_Supplied records_:
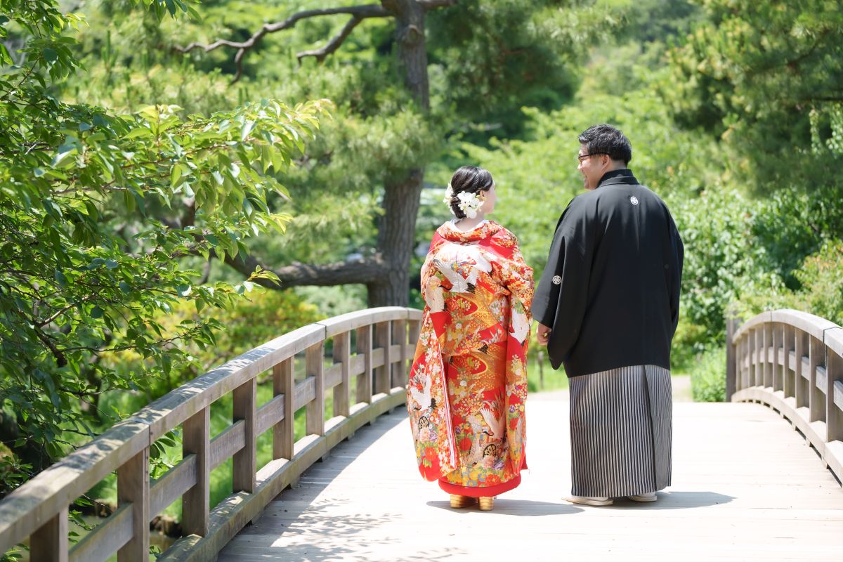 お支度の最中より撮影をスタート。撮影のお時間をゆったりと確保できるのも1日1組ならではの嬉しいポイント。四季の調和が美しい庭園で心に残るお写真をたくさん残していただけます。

...

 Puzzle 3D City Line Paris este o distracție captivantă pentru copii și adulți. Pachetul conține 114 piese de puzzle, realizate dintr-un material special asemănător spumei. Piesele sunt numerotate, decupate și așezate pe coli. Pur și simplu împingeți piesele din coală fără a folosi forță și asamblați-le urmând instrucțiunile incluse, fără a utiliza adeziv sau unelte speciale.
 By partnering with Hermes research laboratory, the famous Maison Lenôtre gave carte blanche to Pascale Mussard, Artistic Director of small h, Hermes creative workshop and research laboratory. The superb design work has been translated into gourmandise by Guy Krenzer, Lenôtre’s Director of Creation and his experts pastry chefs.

_How to complete this task_: Would you please copy, word for word, everything above from the line containing "Puzzle 3D City" down to the line containing "By partnering with", those two lines included?

_Answer box_:
 Puzzle 3D City Line Paris este o distracție captivantă pentru copii și adulți. Pachetul conține 114 piese de puzzle, realizate dintr-un material special asemănător spumei. Piesele sunt numerotate, decupate și așezate pe coli. Pur și simplu împingeți piesele din coală fără a folosi forță și asamblați-le urmând instrucțiunile incluse, fără a utiliza adeziv sau unelte speciale.
 By partnering with Hermes research laboratory, the famous Maison Lenôtre gave carte blanche to Pascale Mussard, Artistic Director of small h, Hermes creative workshop and research laboratory. The superb design work has been translated into gourmandise by Guy Krenzer, Lenôtre’s Director of Creation and his experts pastry chefs.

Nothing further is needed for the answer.